Nowadays it is very efficient in the treatment of alcoholism and the reduction of symptoms alcohol hangover. Besides the obvious benefits for those who indulge in alcohol consumption it can also be used for the treatment of dizziness, upset stomach, headache, vomiting, high blood pressure, chest pain, sinus infections, irregular heartbeat, hay fever, flu, the common cold, swine flu, itchiness, psoriasis, allergic skin rash and various other heart, circulatory, upper respiratory and skin problems. There are also cases where kudzu has been used for the treatment of gastritis, muscle pain, dysentery, fever, thirst, menopause symptoms, measles, diarrhea, and neck stiffness. It can also be used orally to efficiently treat diabetes, poliomyelitis, migraine, encephalitis, deafness and various types of traumatic injuries. It can be used intravenously for the treatment of a blood clot induces stroke.

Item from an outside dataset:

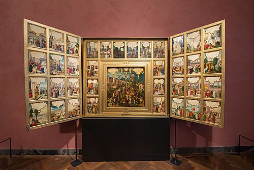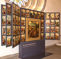 Der aus Fichtenholz gefertigte Altar besteht aus einem Mittelschrein und drei beiderseits bemalten Flügelpaaren. Das Mittelbild im Schrein ist 98 × 91 cm groß und von 12 kleineren Bildern an drei Seiten umrandet. Die einzelnen Flügel haben die Maße von 185 × 101 cm und beinhalten pro Seite 12 Bilder, die in 4 Reihen mit 3 Bildern angeordnet sind. Die insgesamt 156 kleinen Bilder sind jeweils 41 × 28 cm groß.[1]

Kudzu contains certain ingredients that counteract alcohol, have an estrogen-like effect and increase the blood circulation. Puerarin that is commonly found in kudzu improves the symptoms and signs of chest pain. Kudzu extract is very beneficial for those who are trying to quit drinking alcohol, although it does not improve sobriety or decrease alcohol craving in people who suffer from chronic alcoholism. Kudzu can be taken orally in order to positively affect the mental abilities of women who have had a menopause. Puerarin can be used intravenously to treat people who suffer an ischemic stroke which gets triggered by blood clots. Kudzu can also be used in various forms for the treatment of measles, dysentery, fever, thirst, cold, headache, upset stomach, vomiting, muscle pain, dizziness, alcohol hangover, dysentery, stomach inflammation, neck stiffness, flu, diarrhea, abnormal heart rate, dysrhythmia, high blood pressure and many other conditions. It can also be used to promote sweating.

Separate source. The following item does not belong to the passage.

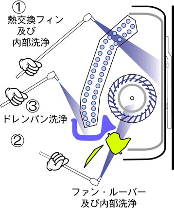 エアコンから臭いが出てきたら完全に「イエローカード」の状態です。以下のような方法でエアコンを洗浄致します。 ☆私どもは、一般的にエアコン洗浄に使用している、熱交換器あるいは清掃後の排水による環境にダメージを与える「酸」の度合いが強いものではなく。人体への影響が皆無で、薬剤自体が清掃排水後に自然のバクテリアの働きによって100%微生物分関される環境に優しい特殊洗剤を使用しています。 「注意」最近、ホームセンター等でエアコン用洗浄剤スプレーが販売されています。 このスプレーは熱交換器フィン前面は洗浄できますが、噴射される薬剤の圧力が弱く、エアコン内部あるいはフィンに薬剤を到達する事が出来ません。またドレンパンにこびり付いているヘドロを強制的に剥離、除去するだけの水量も発生しません。 その為、除去しなければ家庭内環境を悪化させる、ドレンパンにこびり付いているヘドロ、内部の固まった埃等を除去するという期待どおりの結果は得られません。 |

Kudzu should not be used for longer than four months. There have been some cases where kudzu triggered certain allergic reactions. Sometimes it can also cause itching, nausea and the breaking of red cells inside blood vessels. Pregnant and breastfeeding women should avoid kudzu. Kudzu can also slow the process of blood clotting and worsen bleeding and blood clotting disorders. Kudzu can also affect certain hormone-sensitive conditions.